**Try it**
Exactly as they appear, output all of the entries.

───── Supplied material ─────

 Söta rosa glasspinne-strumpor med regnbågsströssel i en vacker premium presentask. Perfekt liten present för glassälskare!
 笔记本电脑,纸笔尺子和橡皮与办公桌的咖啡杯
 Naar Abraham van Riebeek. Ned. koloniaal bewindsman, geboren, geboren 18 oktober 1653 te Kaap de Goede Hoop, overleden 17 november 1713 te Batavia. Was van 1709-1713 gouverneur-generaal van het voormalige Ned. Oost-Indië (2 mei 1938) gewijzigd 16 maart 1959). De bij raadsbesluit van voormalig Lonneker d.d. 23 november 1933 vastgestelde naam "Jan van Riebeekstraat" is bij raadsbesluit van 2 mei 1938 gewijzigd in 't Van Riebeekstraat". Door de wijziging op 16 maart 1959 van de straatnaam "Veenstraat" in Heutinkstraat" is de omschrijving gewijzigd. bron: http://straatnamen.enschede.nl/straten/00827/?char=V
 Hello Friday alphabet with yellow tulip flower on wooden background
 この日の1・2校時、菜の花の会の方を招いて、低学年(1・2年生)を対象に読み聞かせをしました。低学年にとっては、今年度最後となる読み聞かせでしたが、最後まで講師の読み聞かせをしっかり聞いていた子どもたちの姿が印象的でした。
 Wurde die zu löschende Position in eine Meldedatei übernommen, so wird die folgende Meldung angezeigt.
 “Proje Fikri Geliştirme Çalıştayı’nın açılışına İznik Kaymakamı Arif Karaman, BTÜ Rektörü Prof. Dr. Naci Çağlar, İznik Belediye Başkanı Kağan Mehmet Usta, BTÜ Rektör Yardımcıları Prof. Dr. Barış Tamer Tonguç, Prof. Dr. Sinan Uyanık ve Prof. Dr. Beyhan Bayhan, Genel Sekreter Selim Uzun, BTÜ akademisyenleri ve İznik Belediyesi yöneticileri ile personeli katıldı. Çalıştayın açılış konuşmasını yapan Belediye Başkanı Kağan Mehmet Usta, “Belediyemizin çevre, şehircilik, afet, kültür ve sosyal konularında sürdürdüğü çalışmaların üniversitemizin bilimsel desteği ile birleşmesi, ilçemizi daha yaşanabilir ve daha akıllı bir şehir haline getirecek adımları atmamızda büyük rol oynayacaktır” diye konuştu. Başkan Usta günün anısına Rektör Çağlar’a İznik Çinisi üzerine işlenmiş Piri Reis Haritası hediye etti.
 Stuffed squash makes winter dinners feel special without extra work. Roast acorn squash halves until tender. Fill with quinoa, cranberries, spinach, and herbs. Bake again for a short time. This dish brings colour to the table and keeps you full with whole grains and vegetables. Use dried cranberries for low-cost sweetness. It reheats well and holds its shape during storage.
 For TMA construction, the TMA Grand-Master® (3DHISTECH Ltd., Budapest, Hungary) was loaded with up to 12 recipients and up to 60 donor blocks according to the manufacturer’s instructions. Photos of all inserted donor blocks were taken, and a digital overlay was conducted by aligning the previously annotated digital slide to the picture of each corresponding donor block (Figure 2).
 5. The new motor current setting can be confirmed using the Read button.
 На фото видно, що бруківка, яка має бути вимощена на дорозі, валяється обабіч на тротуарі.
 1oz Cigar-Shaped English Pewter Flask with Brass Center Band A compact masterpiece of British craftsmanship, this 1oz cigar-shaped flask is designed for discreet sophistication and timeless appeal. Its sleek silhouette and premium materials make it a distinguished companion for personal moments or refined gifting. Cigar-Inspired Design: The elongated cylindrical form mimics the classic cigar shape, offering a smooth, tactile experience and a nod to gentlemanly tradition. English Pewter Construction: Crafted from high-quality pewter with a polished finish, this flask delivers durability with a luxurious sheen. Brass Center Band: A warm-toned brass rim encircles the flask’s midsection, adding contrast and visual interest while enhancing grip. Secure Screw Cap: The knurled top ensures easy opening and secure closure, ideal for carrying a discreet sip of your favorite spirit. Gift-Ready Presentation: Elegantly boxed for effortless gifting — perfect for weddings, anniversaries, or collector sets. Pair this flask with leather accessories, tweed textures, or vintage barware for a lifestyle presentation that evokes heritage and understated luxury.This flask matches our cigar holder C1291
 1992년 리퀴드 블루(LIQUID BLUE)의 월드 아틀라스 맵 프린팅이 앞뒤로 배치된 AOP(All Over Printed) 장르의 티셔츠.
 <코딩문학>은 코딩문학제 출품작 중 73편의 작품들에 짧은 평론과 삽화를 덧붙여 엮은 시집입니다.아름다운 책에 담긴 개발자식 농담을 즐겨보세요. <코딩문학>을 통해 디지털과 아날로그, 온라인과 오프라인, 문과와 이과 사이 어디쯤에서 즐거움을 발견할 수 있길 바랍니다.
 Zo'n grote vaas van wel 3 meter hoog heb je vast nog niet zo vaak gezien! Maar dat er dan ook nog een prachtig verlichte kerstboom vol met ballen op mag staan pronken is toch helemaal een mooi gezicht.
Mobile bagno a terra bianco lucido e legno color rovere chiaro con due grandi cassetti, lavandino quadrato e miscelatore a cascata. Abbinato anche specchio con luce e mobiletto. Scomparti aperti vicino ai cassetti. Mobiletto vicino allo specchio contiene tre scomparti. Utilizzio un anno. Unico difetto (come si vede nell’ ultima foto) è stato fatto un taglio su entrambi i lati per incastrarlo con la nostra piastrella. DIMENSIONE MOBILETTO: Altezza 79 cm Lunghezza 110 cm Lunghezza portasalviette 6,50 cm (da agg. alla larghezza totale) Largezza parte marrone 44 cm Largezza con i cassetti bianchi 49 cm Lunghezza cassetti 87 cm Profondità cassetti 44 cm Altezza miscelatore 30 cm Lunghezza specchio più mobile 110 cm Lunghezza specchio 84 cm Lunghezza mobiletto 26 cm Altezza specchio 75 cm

─────

**Solution below**
 Söta rosa glasspinne-strumpor med regnbågsströssel i en vacker premium presentask. Perfekt liten present för glassälskare!
 笔记本电脑,纸笔尺子和橡皮与办公桌的咖啡杯
 Naar Abraham van Riebeek. Ned. koloniaal bewindsman, geboren, geboren 18 oktober 1653 te Kaap de Goede Hoop, overleden 17 november 1713 te Batavia. Was van 1709-1713 gouverneur-generaal van het voormalige Ned. Oost-Indië (2 mei 1938) gewijzigd 16 maart 1959). De bij raadsbesluit van voormalig Lonneker d.d. 23 november 1933 vastgestelde naam "Jan van Riebeekstraat" is bij raadsbesluit van 2 mei 1938 gewijzigd in 't Van Riebeekstraat". Door de wijziging op 16 maart 1959 van de straatnaam "Veenstraat" in Heutinkstraat" is de omschrijving gewijzigd. bron: http://straatnamen.enschede.nl/straten/00827/?char=V
 Hello Friday alphabet with yellow tulip flower on wooden background
 この日の1・2校時、菜の花の会の方を招いて、低学年(1・2年生)を対象に読み聞かせをしました。低学年にとっては、今年度最後となる読み聞かせでしたが、最後まで講師の読み聞かせをしっかり聞いていた子どもたちの姿が印象的でした。
 Wurde die zu löschende Position in eine Meldedatei übernommen, so wird die folgende Meldung angezeigt.
 “Proje Fikri Geliştirme Çalıştayı’nın açılışına İznik Kaymakamı Arif Karaman, BTÜ Rektörü Prof. Dr. Naci Çağlar, İznik Belediye Başkanı Kağan Mehmet Usta, BTÜ Rektör Yardımcıları Prof. Dr. Barış Tamer Tonguç, Prof. Dr. Sinan Uyanık ve Prof. Dr. Beyhan Bayhan, Genel Sekreter Selim Uzun, BTÜ akademisyenleri ve İznik Belediyesi yöneticileri ile personeli katıldı. Çalıştayın açılış konuşmasını yapan Belediye Başkanı Kağan Mehmet Usta, “Belediyemizin çevre, şehircilik, afet, kültür ve sosyal konularında sürdürdüğü çalışmaların üniversitemizin bilimsel desteği ile birleşmesi, ilçemizi daha yaşanabilir ve daha akıllı bir şehir haline getirecek adımları atmamızda büyük rol oynayacaktır” diye konuştu. Başkan Usta günün anısına Rektör Çağlar’a İznik Çinisi üzerine işlenmiş Piri Reis Haritası hediye etti.
 Stuffed squash makes winter dinners feel special without extra work. Roast acorn squash halves until tender. Fill with quinoa, cranberries, spinach, and herbs. Bake again for a short time. This dish brings colour to the table and keeps you full with whole grains and vegetables. Use dried cranberries for low-cost sweetness. It reheats well and holds its shape during storage.
 For TMA construction, the TMA Grand-Master® (3DHISTECH Ltd., Budapest, Hungary) was loaded with up to 12 recipients and up to 60 donor blocks according to the manufacturer’s instructions. Photos of all inserted donor blocks were taken, and a digital overlay was conducted by aligning the previously annotated digital slide to the picture of each corresponding donor block (Figure 2).
 5. The new motor current setting can be confirmed using the Read button.
 На фото видно, що бруківка, яка має бути вимощена на дорозі, валяється обабіч на тротуарі.
 1oz Cigar-Shaped English Pewter Flask with Brass Center Band A compact masterpiece of British craftsmanship, this 1oz cigar-shaped flask is designed for discreet sophistication and timeless appeal. Its sleek silhouette and premium materials make it a distinguished companion for personal moments or refined gifting. Cigar-Inspired Design: The elongated cylindrical form mimics the classic cigar shape, offering a smooth, tactile experience and a nod to gentlemanly tradition. English Pewter Construction: Crafted from high-quality pewter with a polished finish, this flask delivers durability with a luxurious sheen. Brass Center Band: A warm-toned brass rim encircles the flask’s midsection, adding contrast and visual interest while enhancing grip. Secure Screw Cap: The knurled top ensures easy opening and secure closure, ideal for carrying a discreet sip of your favorite spirit. Gift-Ready Presentation: Elegantly boxed for effortless gifting — perfect for weddings, anniversaries, or collector sets. Pair this flask with leather accessories, tweed textures, or vintage barware for a lifestyle presentation that evokes heritage and understated luxury.This flask matches our cigar holder C1291
 1992년 리퀴드 블루(LIQUID BLUE)의 월드 아틀라스 맵 프린팅이 앞뒤로 배치된 AOP(All Over Printed) 장르의 티셔츠.
 <코딩문학>은 코딩문학제 출품작 중 73편의 작품들에 짧은 평론과 삽화를 덧붙여 엮은 시집입니다.아름다운 책에 담긴 개발자식 농담을 즐겨보세요. <코딩문학>을 통해 디지털과 아날로그, 온라인과 오프라인, 문과와 이과 사이 어디쯤에서 즐거움을 발견할 수 있길 바랍니다.
 Zo'n grote vaas van wel 3 meter hoog heb je vast nog niet zo vaak gezien! Maar dat er dan ook nog een prachtig verlichte kerstboom vol met ballen op mag staan pronken is toch helemaal een mooi gezicht.
Mobile bagno a terra bianco lucido e legno color rovere chiaro con due grandi cassetti, lavandino quadrato e miscelatore a cascata. Abbinato anche specchio con luce e mobiletto. Scomparti aperti vicino ai cassetti. Mobiletto vicino allo specchio contiene tre scomparti. Utilizzio un anno. Unico difetto (come si vede nell’ ultima foto) è stato fatto un taglio su entrambi i lati per incastrarlo con la nostra piastrella. DIMENSIONE MOBILETTO: Altezza 79 cm Lunghezza 110 cm Lunghezza portasalviette 6,50 cm (da agg. alla larghezza totale) Largezza parte marrone 44 cm Largezza con i cassetti bianchi 49 cm Lunghezza cassetti 87 cm Profondità cassetti 44 cm Altezza miscelatore 30 cm Lunghezza specchio più mobile 110 cm Lunghezza specchio 84 cm Lunghezza mobiletto 26 cm Altezza specchio 75 cm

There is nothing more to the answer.